A disputa gerou uma situação no mínimo curiosa: quase todas as redes de supermercados parecem ser estar ganhando. Mesmo com a recessão, muitas redes britânicas de supermercados divulgaram expansão nas vendas e nos lucros operacionais. Ninguém sabe se a festa vai durar até o fim da recessão, pois normalmente é difícil aumentar os preços depois que as pessoas se acostumaram aos descontos.
Por enquanto, as redes estão se beneficiando da situação, principalmente porque quando a crise piorou eles agiram prontamente para evitar que seus clientes fugissem para os varejistas mais baratos.
Algumas redes lançaram congelados de marca própria mais baratos quando descobriram que as pessoas queriam alimentos com validade maior. Outros aumentaram a oferta de vasilhas de plástico para guardar as sobras das refeições, e ofereceram cortes de carne mais baratos para quem precisou diminuir a conta do supermercado. Outras até se reinventaram completamente. A Sainsbury's, por exemplo, que sempre foi conhecida pelos alimentos de qualidade, passou a propagandear preços baixos para tentar atrair os clientes em busca de pechinchas.
As lojas britânicas são consideradas pioneiras mundiais do marketing de supermercados, e novamente lideram a próxima onda de guerras de preço, atacando umas às outras mais agressivamente do que nunca e assediando os clientes com descontos inesperadamente profundos.

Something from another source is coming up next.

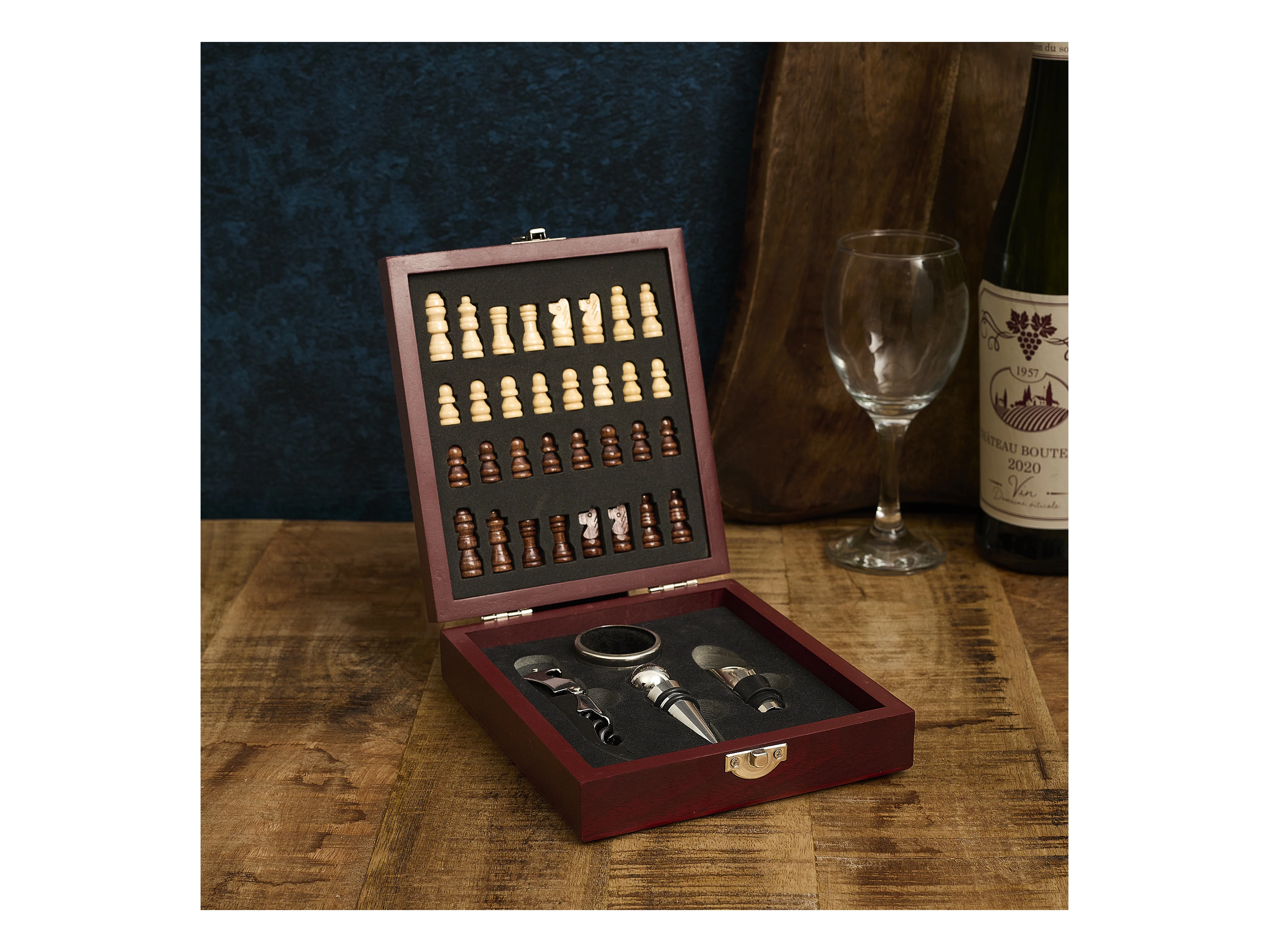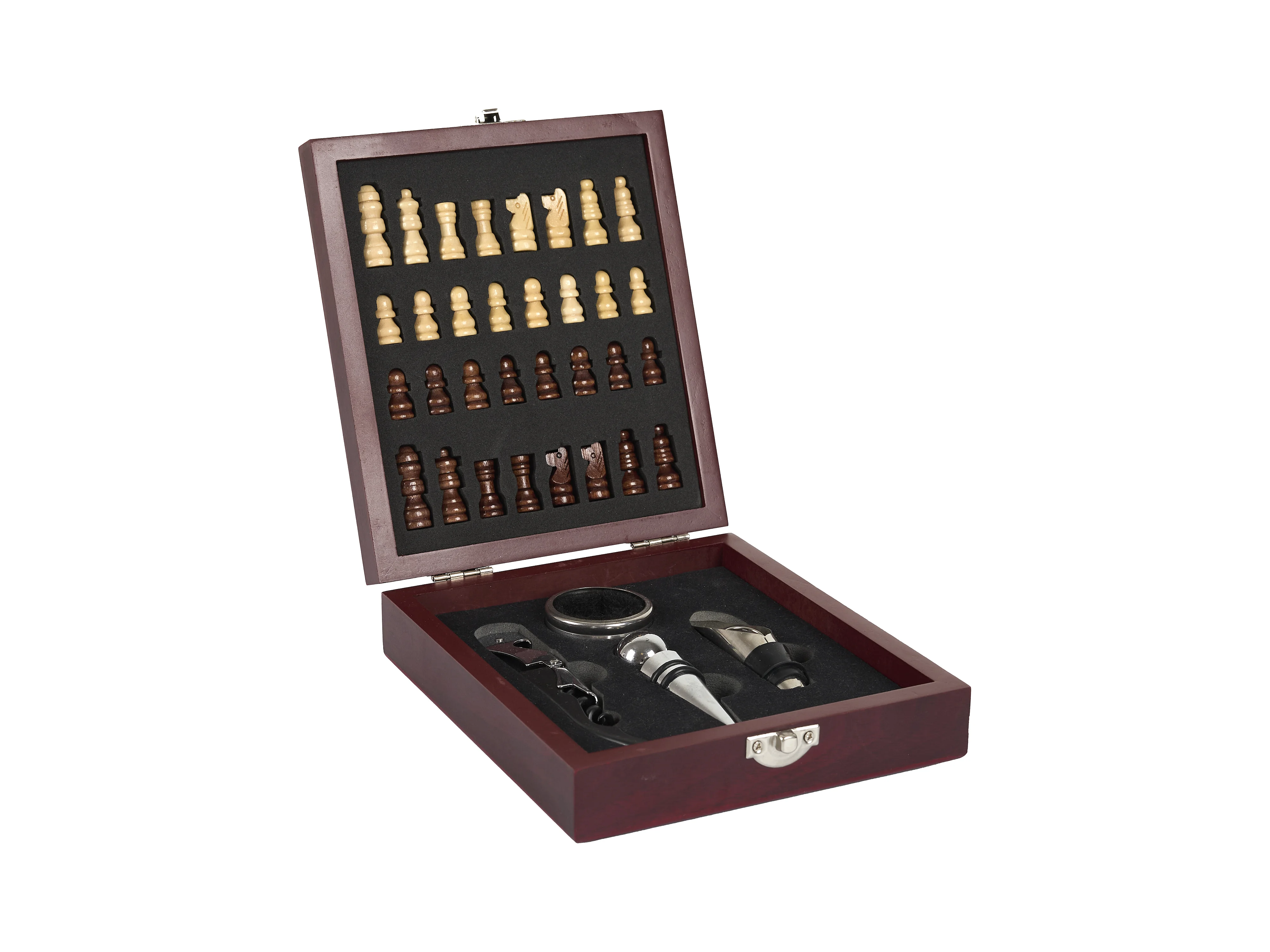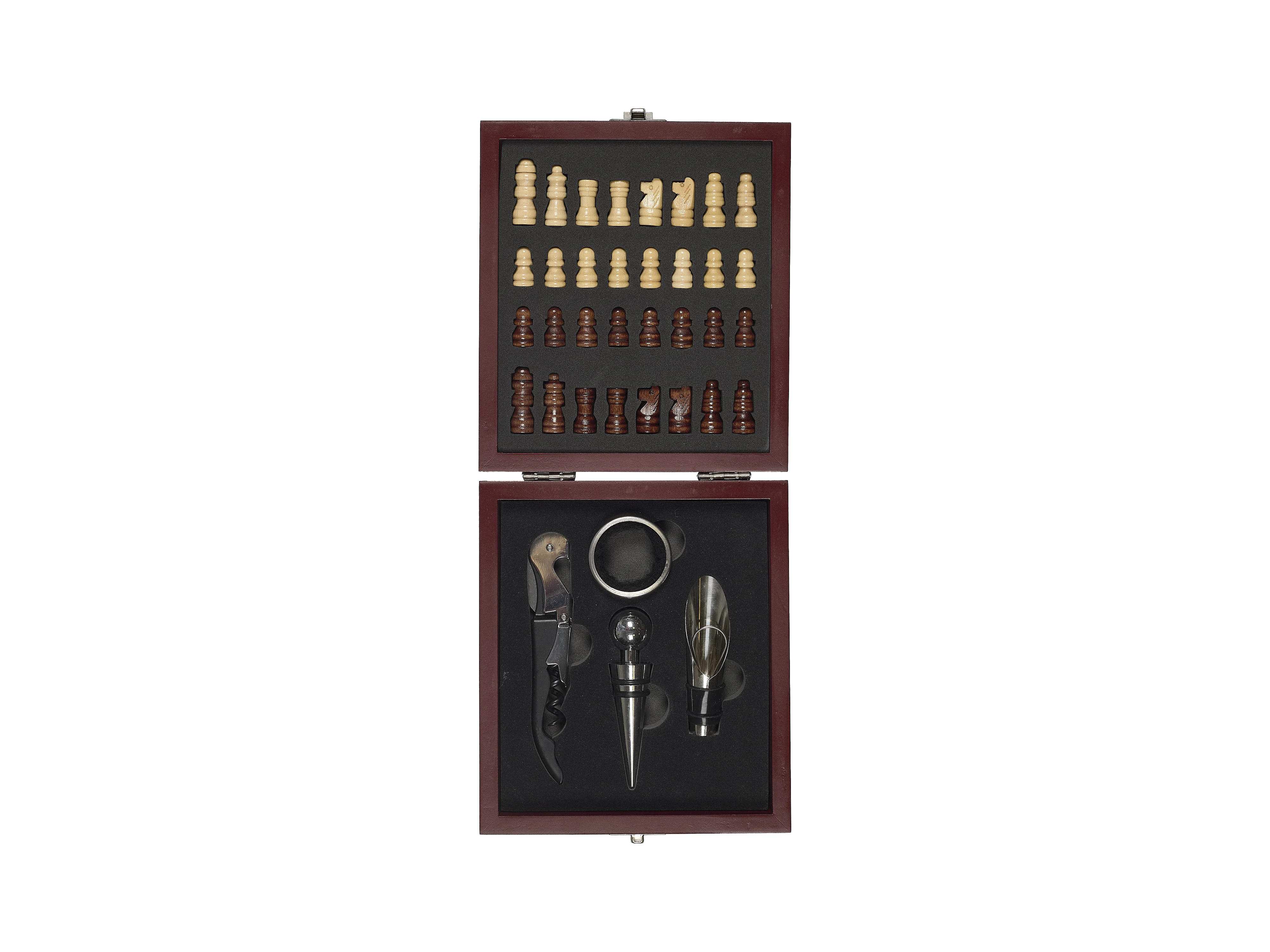 Coffret Vin 4 Pieces Avec Echiquier Marron

A avalanche de descontos integra uma série de mudanças profundas no segmento de supermercados do país. As lojas britânicas sempre se esforçaram para se diferenciar umas das outras. Os consumidores britânicos costumam se identificar com uma única rede e suas supostas vantagens - os bons alimentos do Sainsbury's, o delicatéssen barato do Morrison's, a variedade de escolhas do Tesco PLC ou os preços camaradas da Asda, a filial local do Wal-Mart Stores Inc. - e se mantinham fiéis a elas.
O novo foco fragmentado no preço mais baixo está mudando isso e acirrando a concorrência, além de criar oportunidades para as lojas roubarem clientes umas das outras.
Os supermercados britânicos estavam mais bem preparados que o resto do setor varejista quando as pessoas começaram a apertar o cinto. Há muito tempo que os supermercados do país são motivo de inveja na indústria varejista mundial, por causa de suas luxuosas marcas próprias, cadeias de suprimento eficientes, cartões de fidelidade fortes e presença vigorosa na internet.
O Wal-Mart, por exemplo, escolheu recentemente o Reino Unido para sediar seu novo centro de treinamento mundial de marketing, criando um espaço onde executivos da rede no mundo inteiro vão aprender com os supermercados britânicos. A experiência no Reino Unido já está ajudando o Wal-Mart a melhorar o desempenho de sua matriz americana: a empresa começou recentemente uma campanha de comparação de preços com base em técnicas desenvolvidas por sua rede Asda.
Mas a atual guerra de preços cria riscos de longo prazo para os varejistas britânicos quando as lojas são obrigadas a abandonar a estratégia barateira da recessão, dizem especialistas no setor.
"Desconto é como heroína para as empresas", diz Darrell Rigby, que chefia a parte de varejo mundial da consultoria Bain & Company. "É viciante. Os clientes ficam viciados nos descontos e criam aversão aos preços cheios. As empresas se acostumam com o impulso no volume de vendas e se arriscam a espantar os clientes quando tentarem aumentar os preços."
E tamanha febre de descontos também tem suas vítimas. Os varejistas independentes menores estão perdendo clientes para os concorrentes maiores e a onda de descontos vem gerando tensão com os fornecedores. Os supermercados querem que os fornecedores também arquem com uma parte do desconto e ameaçam até tirar das prateleiras os produtos de quem não colaborar.